──────── Data block
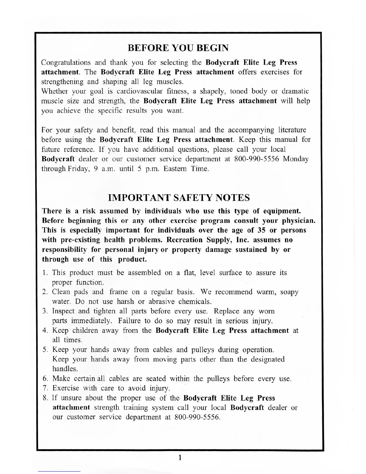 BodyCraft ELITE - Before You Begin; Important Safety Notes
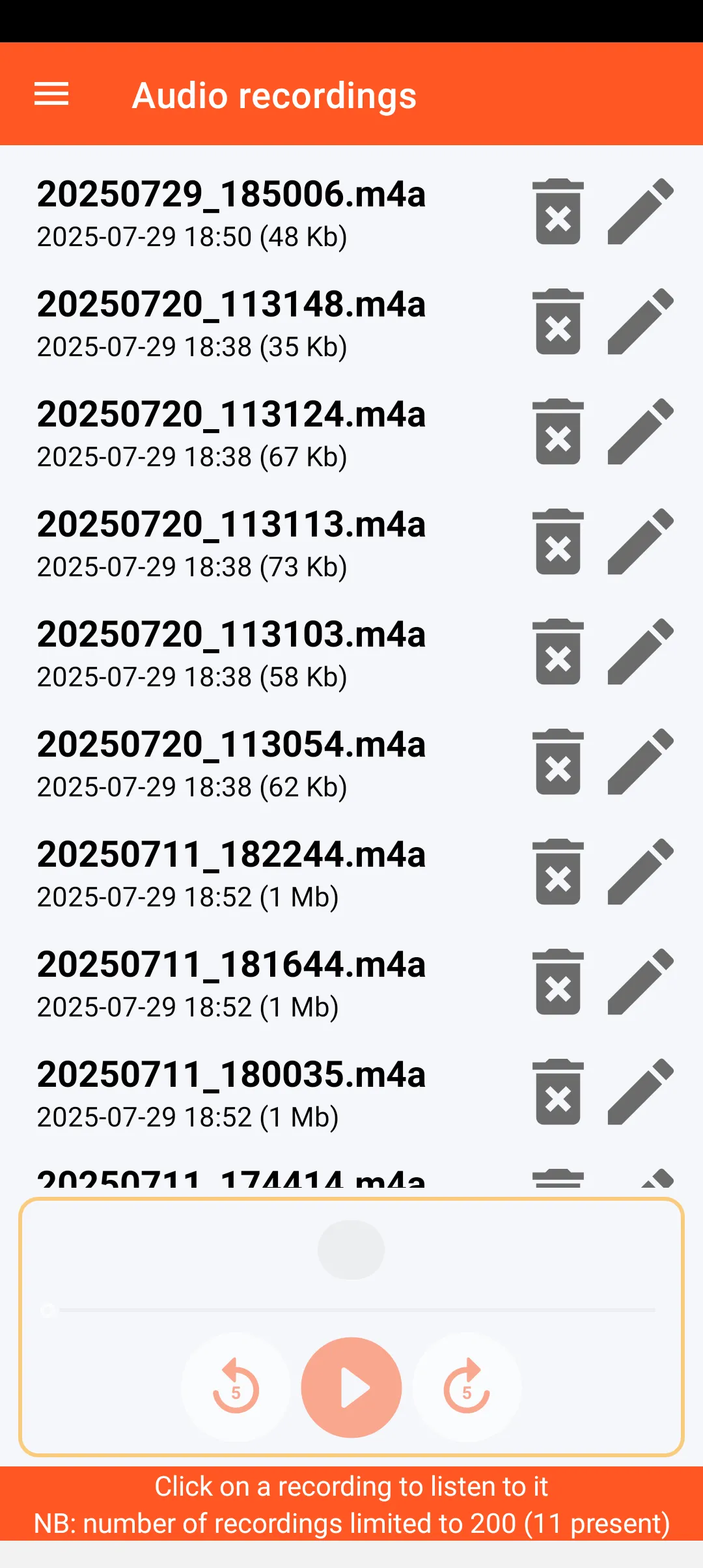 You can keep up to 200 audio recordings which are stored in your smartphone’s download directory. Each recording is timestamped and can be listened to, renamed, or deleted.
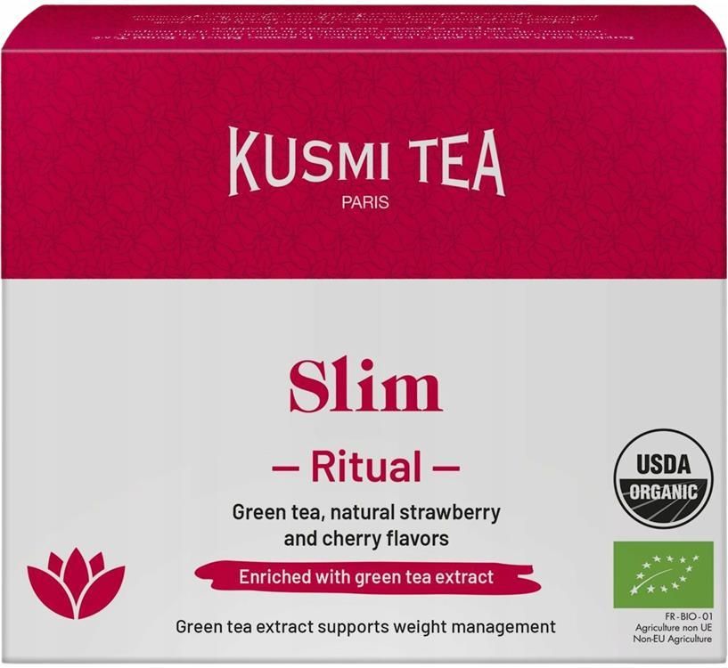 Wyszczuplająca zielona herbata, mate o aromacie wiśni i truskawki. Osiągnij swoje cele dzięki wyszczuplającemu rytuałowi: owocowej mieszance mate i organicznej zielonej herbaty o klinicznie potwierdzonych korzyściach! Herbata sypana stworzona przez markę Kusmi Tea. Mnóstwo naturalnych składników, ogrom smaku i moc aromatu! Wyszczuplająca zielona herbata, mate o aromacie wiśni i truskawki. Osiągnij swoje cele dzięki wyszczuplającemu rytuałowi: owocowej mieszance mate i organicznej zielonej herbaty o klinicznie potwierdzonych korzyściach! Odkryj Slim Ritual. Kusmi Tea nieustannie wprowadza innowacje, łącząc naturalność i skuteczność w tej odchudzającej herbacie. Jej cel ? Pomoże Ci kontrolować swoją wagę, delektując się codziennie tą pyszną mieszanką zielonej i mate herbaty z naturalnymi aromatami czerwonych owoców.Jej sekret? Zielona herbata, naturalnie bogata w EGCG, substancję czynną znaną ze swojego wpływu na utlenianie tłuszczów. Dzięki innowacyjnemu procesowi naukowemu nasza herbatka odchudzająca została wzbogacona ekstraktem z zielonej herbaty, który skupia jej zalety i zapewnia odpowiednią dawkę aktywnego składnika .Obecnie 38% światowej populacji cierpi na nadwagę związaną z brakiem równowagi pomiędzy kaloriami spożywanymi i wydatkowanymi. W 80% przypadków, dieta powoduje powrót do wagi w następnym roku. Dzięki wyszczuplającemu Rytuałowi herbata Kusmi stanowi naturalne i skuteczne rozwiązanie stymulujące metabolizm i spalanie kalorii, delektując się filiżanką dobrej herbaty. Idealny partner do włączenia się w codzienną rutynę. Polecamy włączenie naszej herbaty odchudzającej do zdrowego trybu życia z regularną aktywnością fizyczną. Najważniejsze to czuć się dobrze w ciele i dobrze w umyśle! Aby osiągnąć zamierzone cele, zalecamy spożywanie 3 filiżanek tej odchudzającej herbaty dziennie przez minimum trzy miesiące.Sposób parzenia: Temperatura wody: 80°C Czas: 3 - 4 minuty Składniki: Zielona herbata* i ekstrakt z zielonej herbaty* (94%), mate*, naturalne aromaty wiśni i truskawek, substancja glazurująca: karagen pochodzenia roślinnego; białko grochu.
────────────────
## Problem to solve
Pictures stay out; everything else in the listing above is to be repeated exactly.

## Response
 BodyCraft ELITE - Before You Begin; Important Safety Notes
 You can keep up to 200 audio recordings which are stored in your smartphone’s download directory. Each recording is timestamped and can be listened to, renamed, or deleted.
 Wyszczuplająca zielona herbata, mate o aromacie wiśni i truskawki. Osiągnij swoje cele dzięki wyszczuplającemu rytuałowi: owocowej mieszance mate i organicznej zielonej herbaty o klinicznie potwierdzonych korzyściach! Herbata sypana stworzona przez markę Kusmi Tea. Mnóstwo naturalnych składników, ogrom smaku i moc aromatu! Wyszczuplająca zielona herbata, mate o aromacie wiśni i truskawki. Osiągnij swoje cele dzięki wyszczuplającemu rytuałowi: owocowej mieszance mate i organicznej zielonej herbaty o klinicznie potwierdzonych korzyściach! Odkryj Slim Ritual. Kusmi Tea nieustannie wprowadza innowacje, łącząc naturalność i skuteczność w tej odchudzającej herbacie. Jej cel ? Pomoże Ci kontrolować swoją wagę, delektując się codziennie tą pyszną mieszanką zielonej i mate herbaty z naturalnymi aromatami czerwonych owoców.Jej sekret? Zielona herbata, naturalnie bogata w EGCG, substancję czynną znaną ze swojego wpływu na utlenianie tłuszczów. Dzięki innowacyjnemu procesowi naukowemu nasza herbatka odchudzająca została wzbogacona ekstraktem z zielonej herbaty, który skupia jej zalety i zapewnia odpowiednią dawkę aktywnego składnika .Obecnie 38% światowej populacji cierpi na nadwagę związaną z brakiem równowagi pomiędzy kaloriami spożywanymi i wydatkowanymi. W 80% przypadków, dieta powoduje powrót do wagi w następnym roku. Dzięki wyszczuplającemu Rytuałowi herbata Kusmi stanowi naturalne i skuteczne rozwiązanie stymulujące metabolizm i spalanie kalorii, delektując się filiżanką dobrej herbaty. Idealny partner do włączenia się w codzienną rutynę. Polecamy włączenie naszej herbaty odchudzającej do zdrowego trybu życia z regularną aktywnością fizyczną. Najważniejsze to czuć się dobrze w ciele i dobrze w umyśle! Aby osiągnąć zamierzone cele, zalecamy spożywanie 3 filiżanek tej odchudzającej herbaty dziennie przez minimum trzy miesiące.Sposób parzenia: Temperatura wody: 80°C Czas: 3 - 4 minuty Składniki: Zielona herbata* i ekstrakt z zielonej herbaty* (94%), mate*, naturalne aromaty wiśni i truskawek, substancja glazurująca: karagen pochodzenia roślinnego; białko grochu.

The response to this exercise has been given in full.